From about June 2017, Mr Watt made requests to the respondents to reduce the fees payable by the franchisees, to make good the representations that this would occur by that time and that the individual pharmacies would achieve the promised benefits.
Mr Watt, on behalf of all of the Applicants, requested that the respondents cooperate in dismantling the franchising structure to reinstate the status quo as it had existed prior to them entering into it.
The Respondents did not:
- Dismantle the franchising structure;
- Agree to make any reduction in fees payable under the franchise agreements;
- Provide the promised working capital of $2.08 million;
- Raise any of the amounts of money that the First and Second Respondents represented could or would be raised;
- Obtain any growth in the number of franchisees; and
- Deliver any profit or net financial benefit to any of the applicants as franchisees or otherwise within the franchising structure.

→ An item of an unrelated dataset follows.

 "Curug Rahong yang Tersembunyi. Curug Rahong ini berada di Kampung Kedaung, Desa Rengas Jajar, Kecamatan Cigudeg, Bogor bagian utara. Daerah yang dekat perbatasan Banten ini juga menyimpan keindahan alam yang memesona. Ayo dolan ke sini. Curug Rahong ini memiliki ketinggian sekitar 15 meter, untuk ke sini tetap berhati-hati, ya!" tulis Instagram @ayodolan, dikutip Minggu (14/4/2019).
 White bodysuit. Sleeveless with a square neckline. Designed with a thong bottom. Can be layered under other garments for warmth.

The Applicants based their claims upon the Respondent’s contraventions of ss 18 and 21 of the Australian Consumer Law (ACL), s 51ACB of the Competition and Consumer Act 2010 (CCA) and the Competition and Consumer (Industry Codes – Franchising) Regulation 2014 (the Code).
Rares J found that the Representations were:
- Misleading and deceptive in accordance with ss 18 and 21 ACL; and
- Constituted unfair tactics and unconscionable conduct in accordance with ss 22(1)(g) and 22(2)(g) ACL.

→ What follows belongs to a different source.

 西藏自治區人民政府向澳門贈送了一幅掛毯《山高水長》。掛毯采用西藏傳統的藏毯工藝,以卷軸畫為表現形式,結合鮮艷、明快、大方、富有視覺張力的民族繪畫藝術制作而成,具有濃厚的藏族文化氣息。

He held that SPG had not complied with the Code because it had not:
- Created or provided a disclosure document (until 18 July 2017) (cl 8);
- Given a copy of any disclosure document or the Code to any of the Applicants before they executed the franchise agreement and it did not provide any information to them as required by cl 9 of the Code; and
- Received from any of the Applicants a signed statement as required by cl 10 of the Code.
Accordingly, the Fourth Respondent was in breach of s 51ACB of the CCA.
The Franchise Agreements were declared void and the Third Respondent was ordered to do all things necessary on its part to be done to:
- Assign to Mr Watt the ownership, including sole administrator rights, of the website ‘bushchemist.com.au’; and
- Place the first applicant in the position of the registered owner of the business name ‘Bush Chemist’.
There be a judgment against each of the respondents for damages to be assessed.
The key takeaway from this matter is that, by:
- Making representations as to future matters on unreasonable grounds;
- Failing to make good earlier representations;
- Making fees that are not affordable or financially sustainable for franchisees; or
- Making representations to a potential franchiser to invest and participate in franchising structure and influence other potential franchisers, franchisors risk having their agreements being voided.